At Wells, we don't just provide housing. We design interesting living environments that foster intellectual growth, personal development, global citizenship and diversity in our students' daily lives.
Wells students live in eight residence halls or “houses” in a variety of architectural styles and room types--from the newly refurbished Weld House to the 19th century Glen Park Mansion, the former home of college founder Henry Wells.
Each residence hall has a laundry room, kitchenette, large lounges with vending machines, and cable television. Because this is their home, students participate in the character and development of their living spaces. This includes developing community standards to ensure that all students live together in positive environments that promote personal growth and social harmony.
Students eat their meals together in the majestic Tudor-style dining hall in Main Building. Special dinners are presented throughout the year, including weekend brunches, exam treats, picnics, and holiday dinners. Express Cafe, located at the south end of the dining hall, also serves a variety of fast food items.
A Place for Intellectual, Personal, Social and Emotional Growth
The mission of the Officer of Residence Life and Learning Communities is to offer a high quality residential experience complemented by opportunities for intellectual, personal, social, and emotional growth in an inclusive and welcoming environment to all. We build cohesive communities which value scholastic achievement, global citizenship, individual responsibility and inherent diversity of all individuals.
The connection between social and academic development is paramount in educating the whole student—as a scholar and as a member of society. Your residence life team will get you involved in a variety of activities around key educational goals:
Personal Development—the examination and clarification of one’s own beliefs, values and identities.
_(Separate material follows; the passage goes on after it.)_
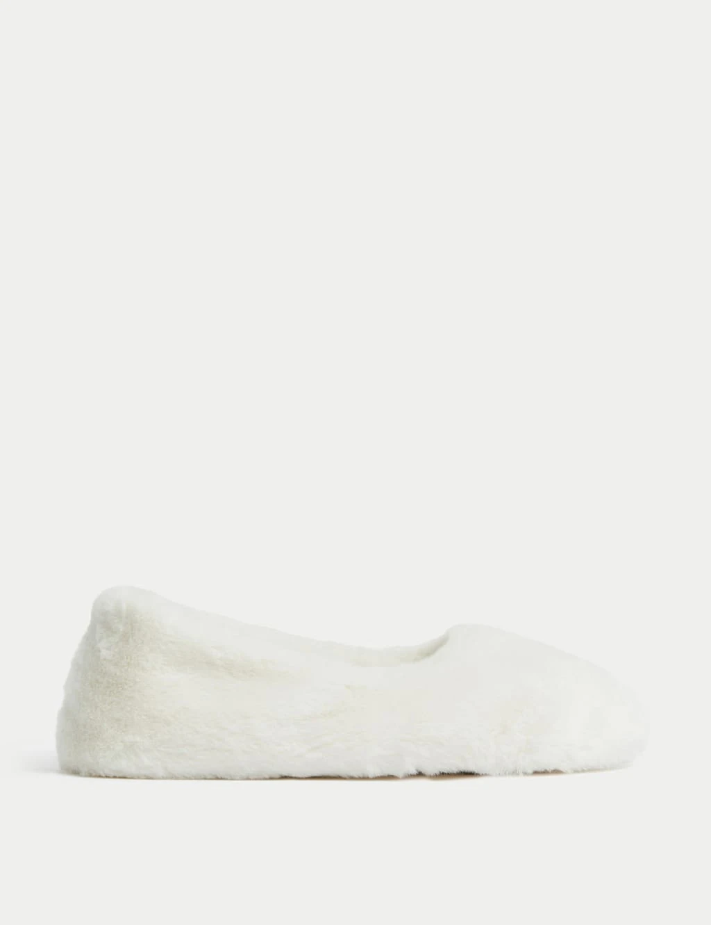 Treat your feet to the snuggly warmth of these faux fur slippers. Ballerina style, with a matching faux fur lining. Our Freshfeet™ antibacterial finish keeps your new footwear feeling fresh.

Academic Success—the utilization of resources and development of skills to achieve one’s scholarly goals.
Community Development—the participation in an environment in which all members are mutually valued and supported, and members recognize the impact their decisions have on others.
Citizenship—the act of becoming an informed and active member of local and global communities in pursuit of a healthy economy, environment and society.
Diversity— contributing to an inclusive and intercultural environment.